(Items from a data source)
--

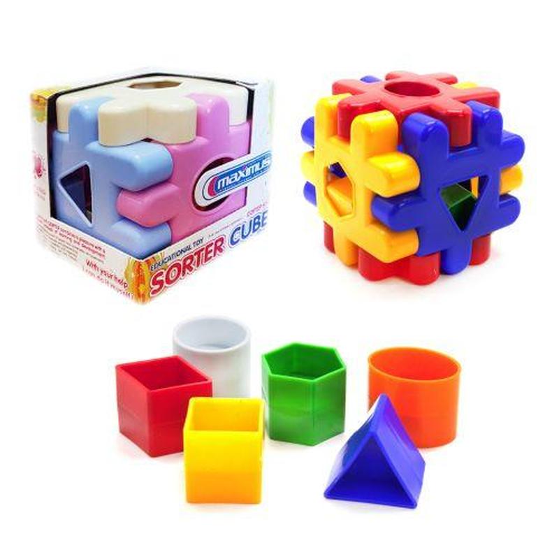 Сортер куб із геометричними фігурами. Сортер — це іграшка, мета якої правильно поєднати фігурки у формі різних геометричних фігур із прорізами на гранях куба. 2 різновиди в асортименті. Бренд: Максимус Паковання: Коробка Колір: Різнобарв Вага в упаковці: 255 г Габарити в упаковці: 13 x 13 x 13 см Габарити без паковання: 12 x 12 x 12 см Страна виробник: Україна Матеріал: Пластик Комплектація: Сортер куб, 6 геометричних фігур
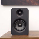 Grilles do not attach to the front of the speaker cabinets, and this gives the YU Passive series a nice, clean professional studio monitor look with a view of the woofer and the tweeter. The YU Passive 4” consists of a 4-inch Kevlar® woofer — but both models are complemented with the same 1-inch silk dome tweeter. Both models also feature a tuned bass port on the back of each cabinet to produce tight bass with low distortion, and high-quality Knurled speaker binding posts that connect with an integrated amplifier or a home theater receiver.
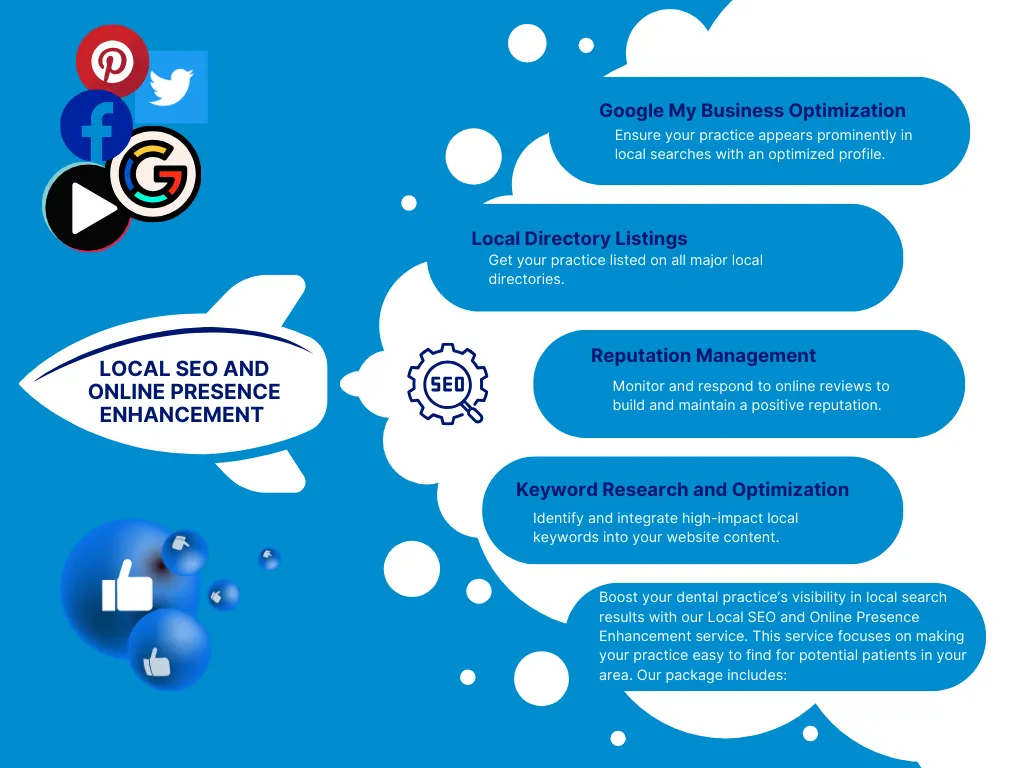 Boost your dental practice’s visibility in local search results with our Local SEO and Online Presence Enhancement service. This service focuses on making your practice easy to find for potential patients in your area. Our package includes:
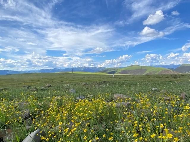 漫山遍野的小黄花,不知开在了谁的故事中,小小的一朵,散着迷人的芬芳,石头缝中的小可爱,破土而出了,悄然浪漫了茫茫草原,天空很低,伸手就能够到,稀薄的空气,诉了北纬28度的神奇,飘走的云朵,渐渐变幻着,遮住了蔚蓝的天空,也抵挡了火热的太阳。
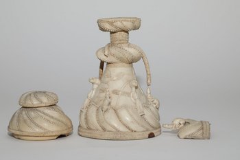 | Description | Teile eines mit Schnitzarbeiten in Form von Punkten, Tieren und Menschen verzierten Gefäßes aus Elfenbein. |
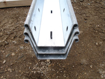 Giraffe Bracing's Straight back wall supports are made of 14 gauge, rolled edge, galvanized steel. The Giraffe ICF Bracing straight backs stack together, making storage and transportation easier. The rolled edges make it easier on the hands and tougher against bending. Slots in the braces are every 4" o.c. and will work with all ICF brands.
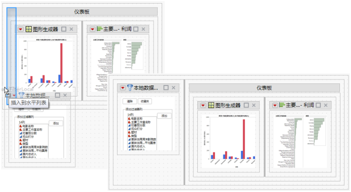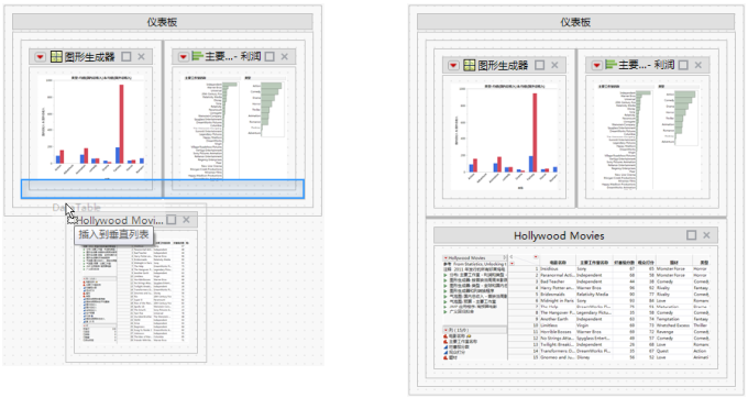 为帮助您在编辑仪表板时重新排列报表,围绕报表的边框包含拖放区。将报表拖至框内不同区域时,框的一部分会突出显示。突出显示的部分显示您可以放置该框的位置。
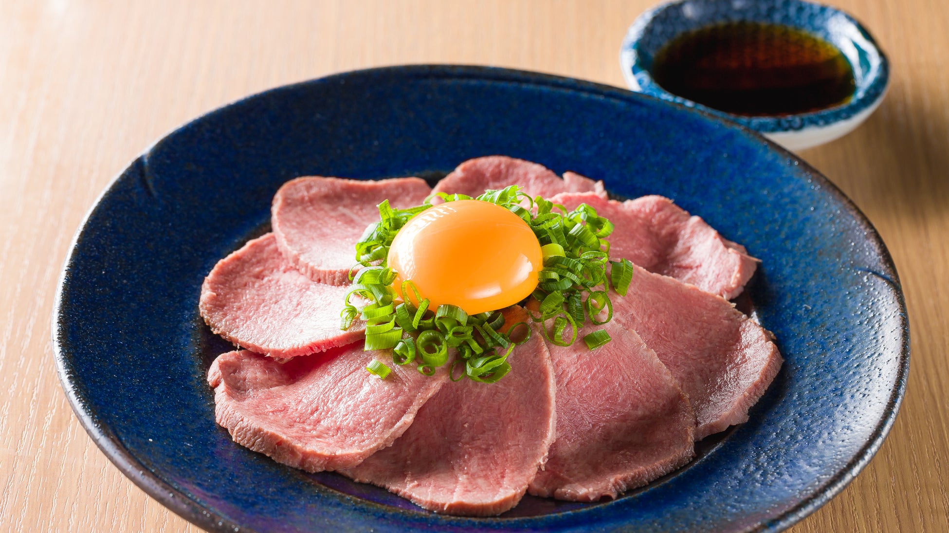 大判の牛タンを、たっぷりネギと卵黄にて食べる絶品牛タン刺し。こだわりの特製だれとたまご、牛タンとネギの相性は抜群です。

--

» **ABOUT THIS TASK**
Leaving out each picture, repeat exactly the lines above from the one that contains "Boost your dental" through the one that contains "为帮助您在编辑仪表板时重新排".

» **TASK SOLUTION**
 Boost your dental practice’s visibility in local search results with our Local SEO and Online Presence Enhancement service. This service focuses on making your practice easy to find for potential patients in your area. Our package includes:
 漫山遍野的小黄花,不知开在了谁的故事中,小小的一朵,散着迷人的芬芳,石头缝中的小可爱,破土而出了,悄然浪漫了茫茫草原,天空很低,伸手就能够到,稀薄的空气,诉了北纬28度的神奇,飘走的云朵,渐渐变幻着,遮住了蔚蓝的天空,也抵挡了火热的太阳。
 | Description | Teile eines mit Schnitzarbeiten in Form von Punkten, Tieren und Menschen verzierten Gefäßes aus Elfenbein. |
 Giraffe Bracing's Straight back wall supports are made of 14 gauge, rolled edge, galvanized steel. The Giraffe ICF Bracing straight backs stack together, making storage and transportation easier. The rolled edges make it easier on the hands and tougher against bending. Slots in the braces are every 4" o.c. and will work with all ICF brands.
 为帮助您在编辑仪表板时重新排列报表,围绕报表的边框包含拖放区。将报表拖至框内不同区域时,框的一部分会突出显示。突出显示的部分显示您可以放置该框的位置。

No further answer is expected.